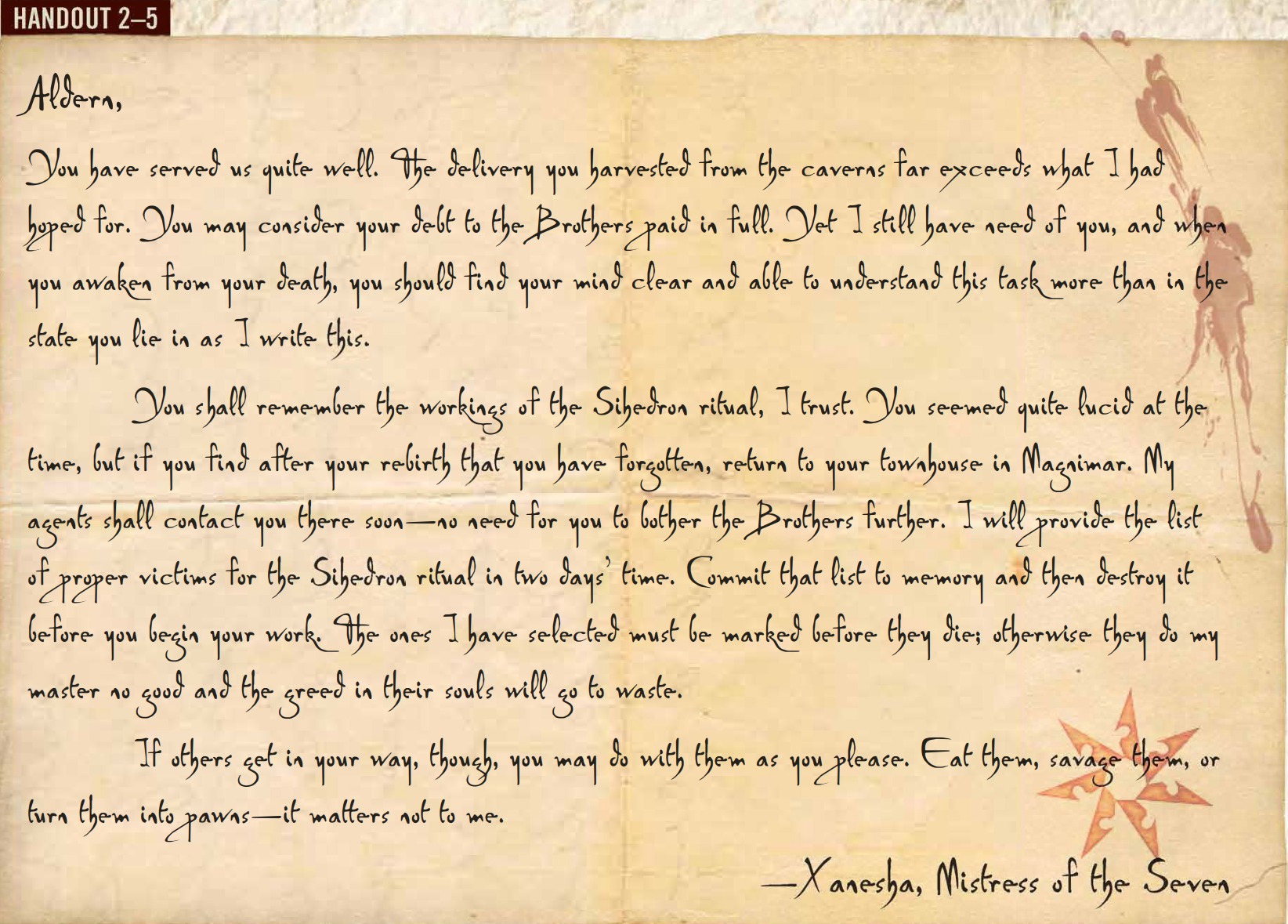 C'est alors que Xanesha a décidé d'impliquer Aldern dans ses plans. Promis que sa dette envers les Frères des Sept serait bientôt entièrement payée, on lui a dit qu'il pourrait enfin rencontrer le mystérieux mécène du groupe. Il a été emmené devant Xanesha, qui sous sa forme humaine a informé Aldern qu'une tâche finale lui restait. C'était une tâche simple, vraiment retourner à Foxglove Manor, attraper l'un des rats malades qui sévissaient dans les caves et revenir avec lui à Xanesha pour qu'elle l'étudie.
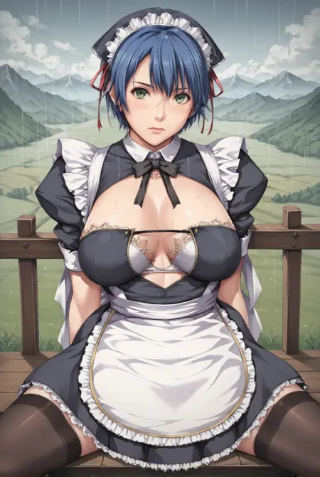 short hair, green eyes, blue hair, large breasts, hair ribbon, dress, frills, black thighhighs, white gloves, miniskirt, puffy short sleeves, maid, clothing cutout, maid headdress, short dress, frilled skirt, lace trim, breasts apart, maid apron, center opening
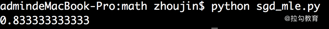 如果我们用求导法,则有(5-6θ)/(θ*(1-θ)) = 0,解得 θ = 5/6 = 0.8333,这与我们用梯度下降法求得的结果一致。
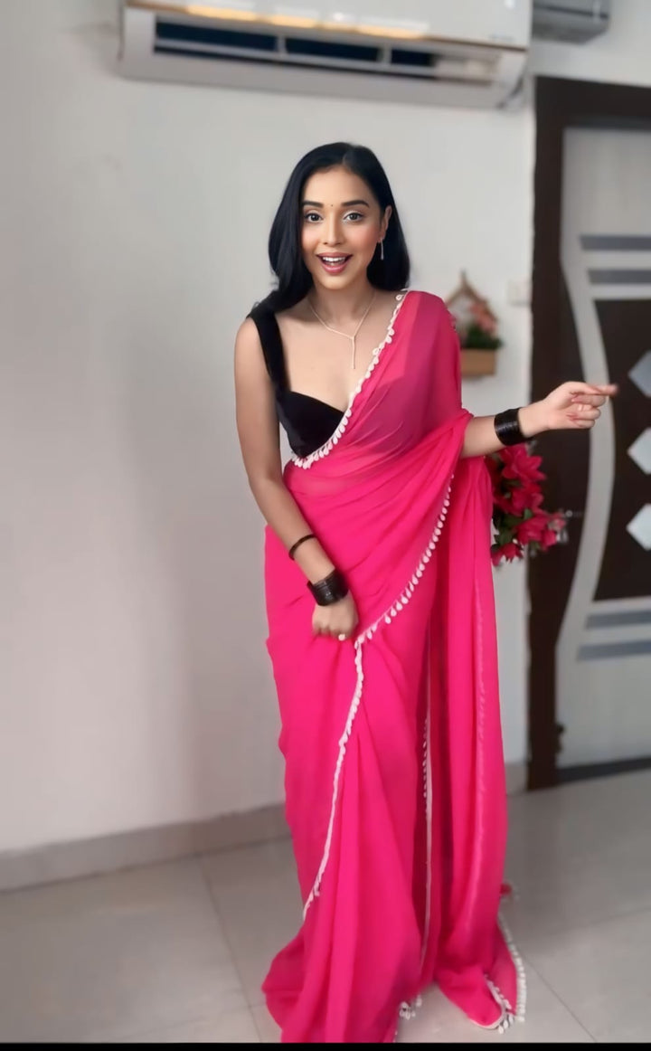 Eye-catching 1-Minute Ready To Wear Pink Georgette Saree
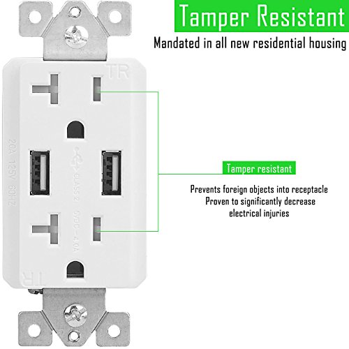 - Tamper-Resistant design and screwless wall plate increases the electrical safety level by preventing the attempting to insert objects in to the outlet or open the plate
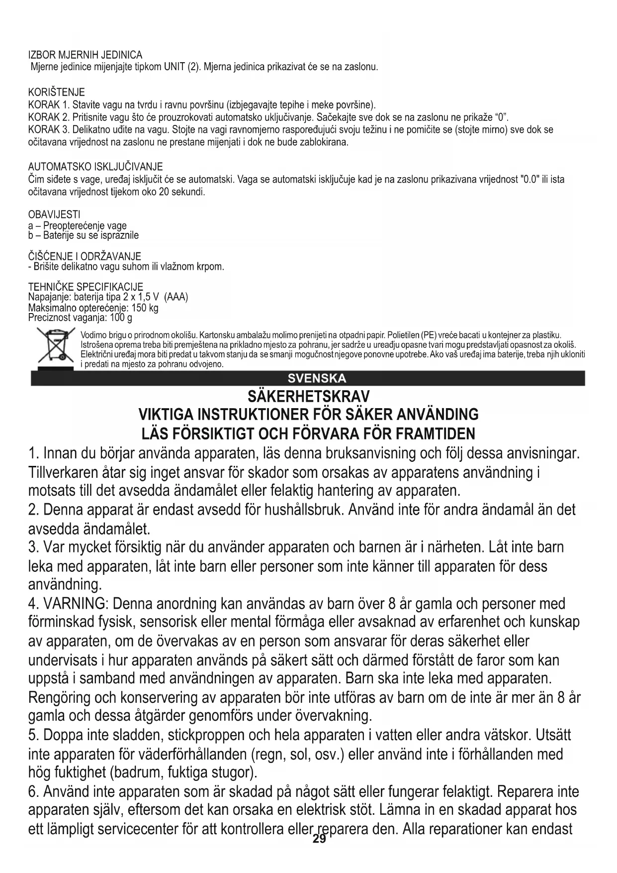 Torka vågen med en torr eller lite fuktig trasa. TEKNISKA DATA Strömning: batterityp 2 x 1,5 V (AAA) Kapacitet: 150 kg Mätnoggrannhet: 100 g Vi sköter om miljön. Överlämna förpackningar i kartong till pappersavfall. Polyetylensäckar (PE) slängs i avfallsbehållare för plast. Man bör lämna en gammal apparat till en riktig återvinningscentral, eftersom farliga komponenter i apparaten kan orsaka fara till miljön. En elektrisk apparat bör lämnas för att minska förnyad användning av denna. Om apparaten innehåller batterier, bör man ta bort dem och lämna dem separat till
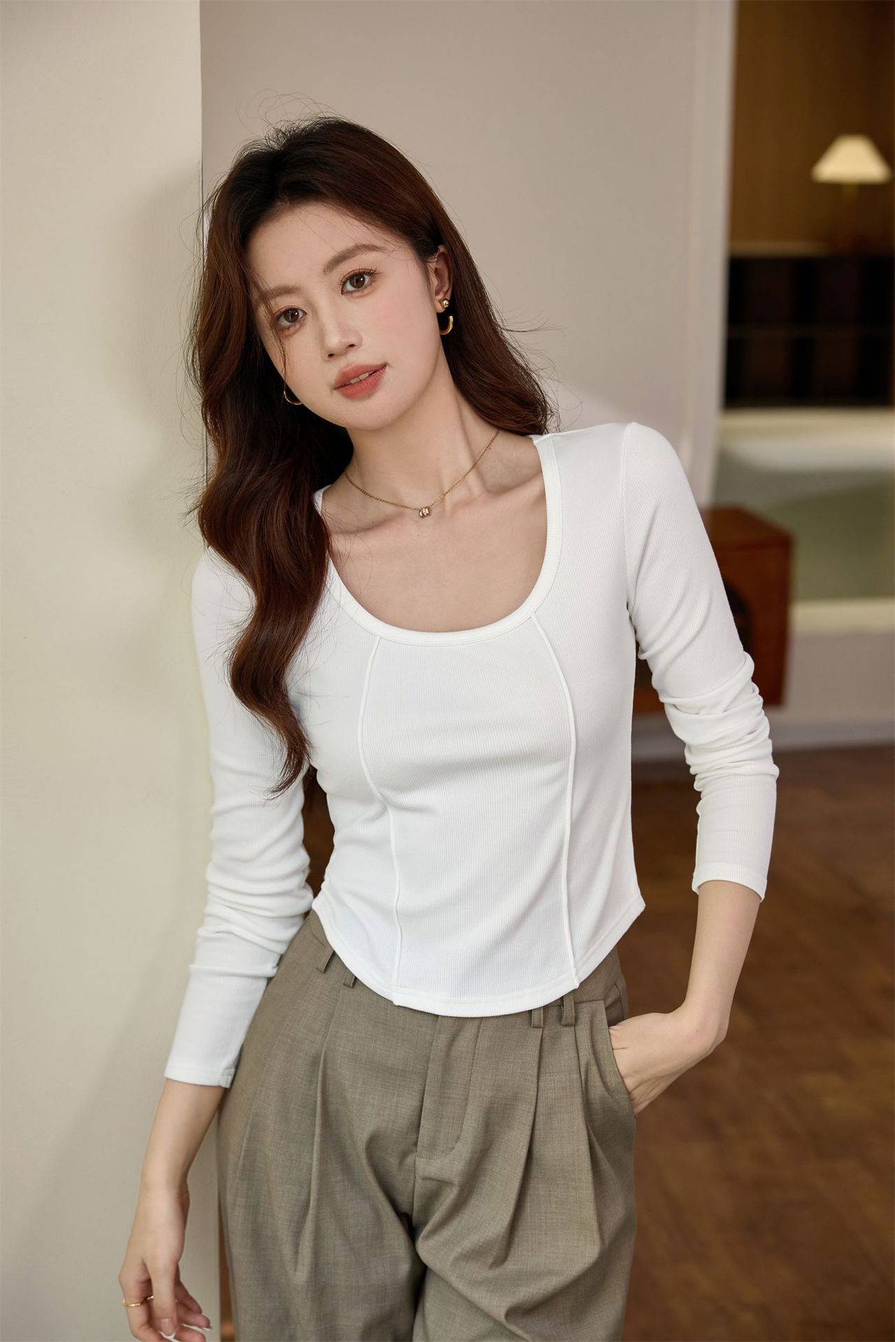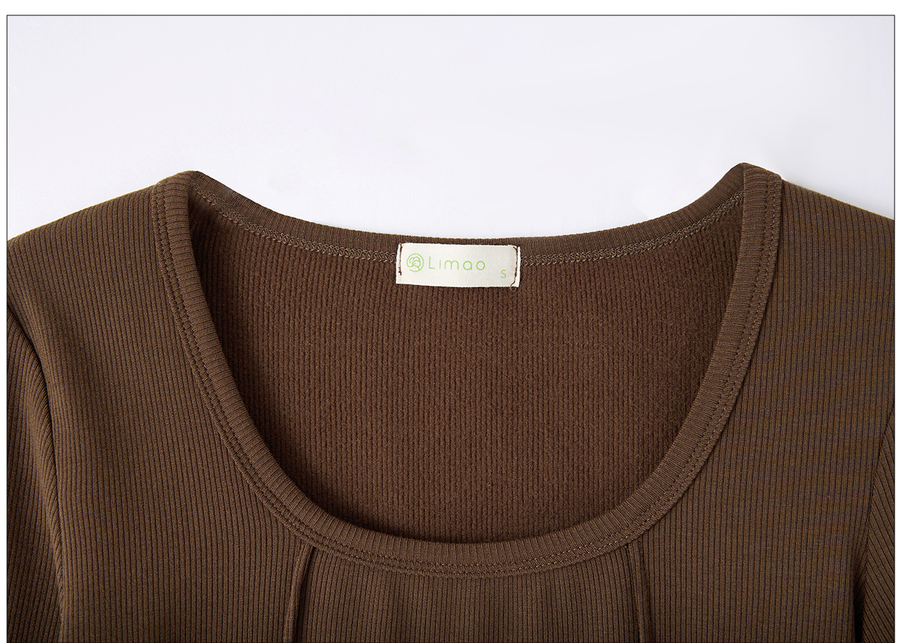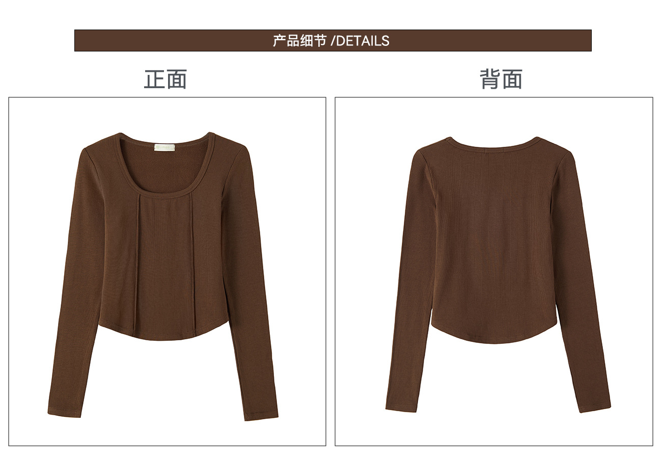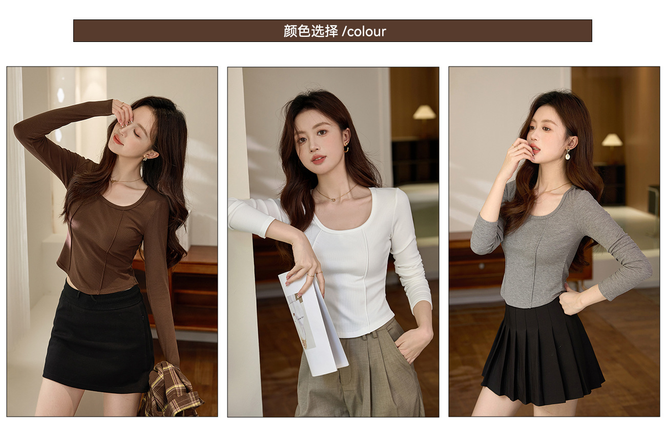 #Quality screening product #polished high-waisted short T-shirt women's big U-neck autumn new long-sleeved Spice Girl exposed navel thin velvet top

:::

▶ [To do]
Line by line, give the material above again exactly, but without any pictures.

▶ [Answer for this exercise]
 C'est alors que Xanesha a décidé d'impliquer Aldern dans ses plans. Promis que sa dette envers les Frères des Sept serait bientôt entièrement payée, on lui a dit qu'il pourrait enfin rencontrer le mystérieux mécène du groupe. Il a été emmené devant Xanesha, qui sous sa forme humaine a informé Aldern qu'une tâche finale lui restait. C'était une tâche simple, vraiment retourner à Foxglove Manor, attraper l'un des rats malades qui sévissaient dans les caves et revenir avec lui à Xanesha pour qu'elle l'étudie.
 short hair, green eyes, blue hair, large breasts, hair ribbon, dress, frills, black thighhighs, white gloves, miniskirt, puffy short sleeves, maid, clothing cutout, maid headdress, short dress, frilled skirt, lace trim, breasts apart, maid apron, center opening
 如果我们用求导法,则有(5-6θ)/(θ*(1-θ)) = 0,解得 θ = 5/6 = 0.8333,这与我们用梯度下降法求得的结果一致。
 Eye-catching 1-Minute Ready To Wear Pink Georgette Saree
 - Tamper-Resistant design and screwless wall plate increases the electrical safety level by preventing the attempting to insert objects in to the outlet or open the plate
 Torka vågen med en torr eller lite fuktig trasa. TEKNISKA DATA Strömning: batterityp 2 x 1,5 V (AAA) Kapacitet: 150 kg Mätnoggrannhet: 100 g Vi sköter om miljön. Överlämna förpackningar i kartong till pappersavfall. Polyetylensäckar (PE) slängs i avfallsbehållare för plast. Man bör lämna en gammal apparat till en riktig återvinningscentral, eftersom farliga komponenter i apparaten kan orsaka fara till miljön. En elektrisk apparat bör lämnas för att minska förnyad användning av denna. Om apparaten innehåller batterier, bör man ta bort dem och lämna dem separat till
 #Quality screening product #polished high-waisted short T-shirt women's big U-neck autumn new long-sleeved Spice Girl exposed navel thin velvet top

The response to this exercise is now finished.